4. Using the estimate of x and y, assign a case or control at random using the four different MOI models in conjunction with equations (2) and (4) and Table 1 below. We assigned cases in proportion to x (y) and controls in proportion to 1- x (1-y) for the minor homozygote (heterozygote) genotypes respectively. For the MOI models that assume an elevated risk from the minor and the hetero genotypes, we would expect a higher proportion of cases to be more easily identified via the statistical procedures. The specification of risk depends on specific and unknown disease mechanisms. A relative risk of 1.7 is considered strong and is associated with positive replication, see Sladek et al. (2007), and a risk of 1.3 is considered by Ziegler et al. (2008) to be a realistic assumption for complex diseases. We limited our focus to a relative risk range of 1.15 to 1.45 and were particularly interested in scenarios with low relative risk.

5. Individuals are either assigned as cases or controls according to the probabilities given in Table 1.

6. Continue with the above process until n1 cases and n2 controls are generated (note in this example n1 = n2, but that can be tailored to a specific set of n1 - n2 targets).

7. Apply a set of statistical methods to predict associations and record the results.

8. Generate 1,000 replicate experiments for each set of 3,456 factor combinations.

The simulated dataset that we generated has the following characteristics:

• The proportion of cases (controls) that are major homozygotes = 50.3 (63.0)%.

• The proportion of cases (controls) that are heterozygotes = 39.2 (31.3)%.

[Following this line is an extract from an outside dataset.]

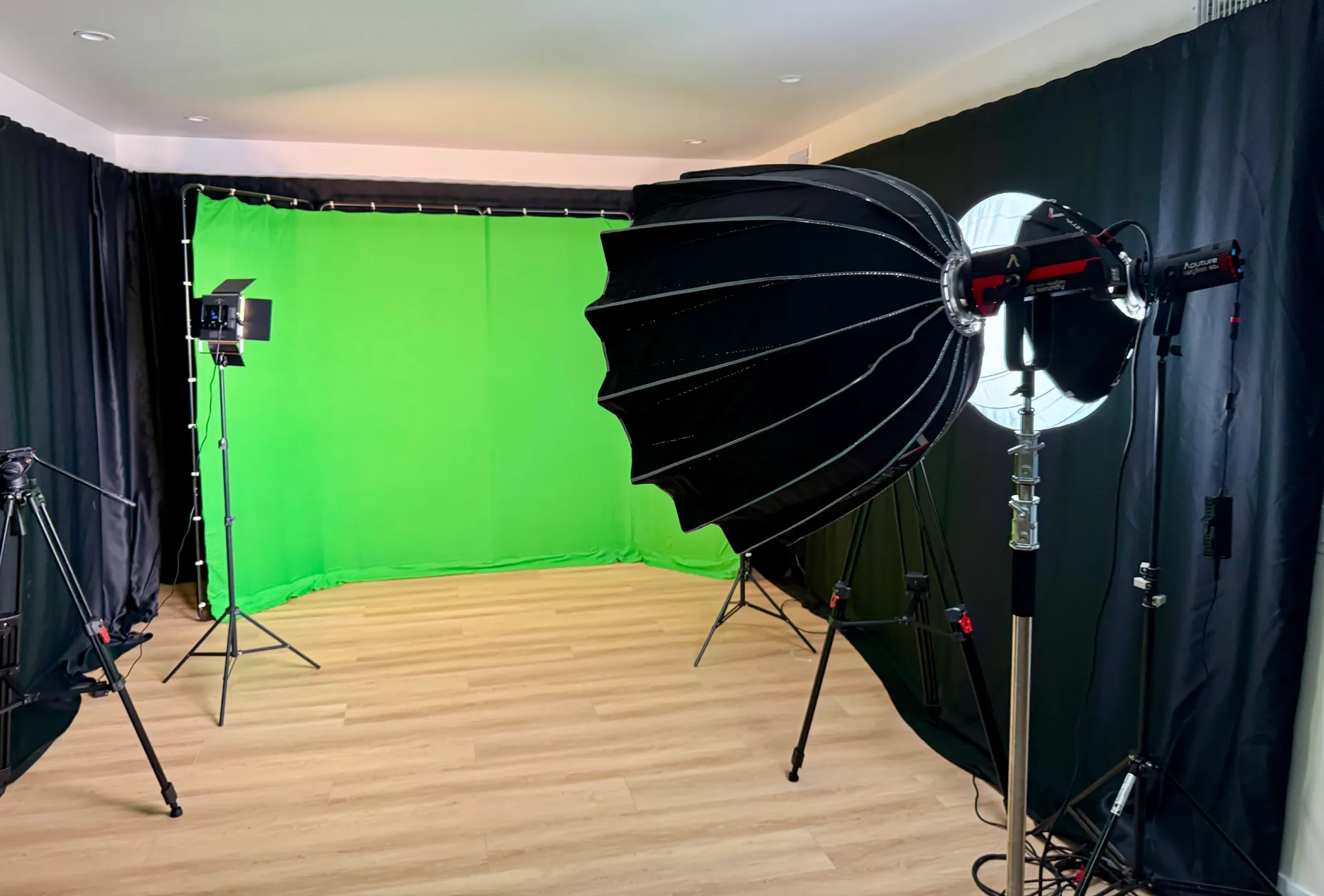 The studio is equipped with high-quality Aputure lighting systems, softboxes, and modifiers to give you total control over your scene. Whether you’re producing interviews, commercials, livestreams, music videos, or product shoots, this space ensures consistent, polished results.

• The proportion of cases (controls) that are minor homozygotes = 10.5 (5.7)%.

• With MOI distribution:

ο Recessive = 25%,

ο Dominant = 25%,

ο Additive = 25%, and

ο Multiplicative = 25%.

We acknowledge that the distribution of MOI traits above is not representative of how inheritance traits are distributed in humans. The Online Mendelian Inheritance in Man (OMIM, http://www.ncbi. nlm.nih.gov/omim) provides the best source of information on the MOI distribution (Table 2). However, OMIM is disproportionally populated by genes linked to single Mendelian disorders. Therefore, genes associated with multifactorial disorders are under-represented in OMIM. Because polygene influences are assumed to be a major source of additive and multiplicative SNP behavior, the distribution in Table 2 is likely biased. Accordingly, we populated SNPs in our data with equal MOI representation and acknowledge that it is not representative of the true distribution.

Key Words Frequency
Autosomal Dominant 3805
Autosomal Additive 12
Autosomal Multiplicative 21
Autosomal Recessive 3775

Table 2: Distribution of Genes in OMIM by MOI.

The three "optimal" MOI specific methods are the three variations of the Cochran-Armitage (CA) trend test described in Zheng and Gastwirth (2006). We also included a fourth "individual" method, the 2df genotype test, which is a commonly used method. Using the notation in Table 3 to define the 2x3 table of case-control counts stratified by genotype , a test statistic (T2(x)) for the three variations of the CA trend methods is defined as:

T2(x) = n [Σ0,1,2 {xi (s ri - r si)}]2 / [r s (Σ0,1,2 n {xi xi ni } - {Σ0,1,2 (xi ni)2 })]. (5)

  AA Aa Aa Total
Case r0 r1 r2 R
Control s0 s1 s2 S
Total n0 n1 n2 N

AA – Major genotype
Aa – Heterozygote genotype
aa – Minor genotype

Table 3: Terms Defined in Equations (5) and (6).

The values represented in equations (5) and (6) are shown in Table 3 below and the value of xi defines the specific test x0 = 0, x2 = 1 and x1 = {0 - recessive, .5 - additive, 1 - dominant).

Under the null hypothesis of no association, T2(x) has an asymptotic χ2 distribution with 1 degree of freedom.

As an alternative to equation (5), it is also possible to use a normally distributed test statistic per Li et al. (2008):

N(x) = n1/20,1,2 {xi (s ri - r si)}] / [r s (n Σ0,1,2 {xi xi ni} - [Σ0,1,2 {xi ni}2]1/2.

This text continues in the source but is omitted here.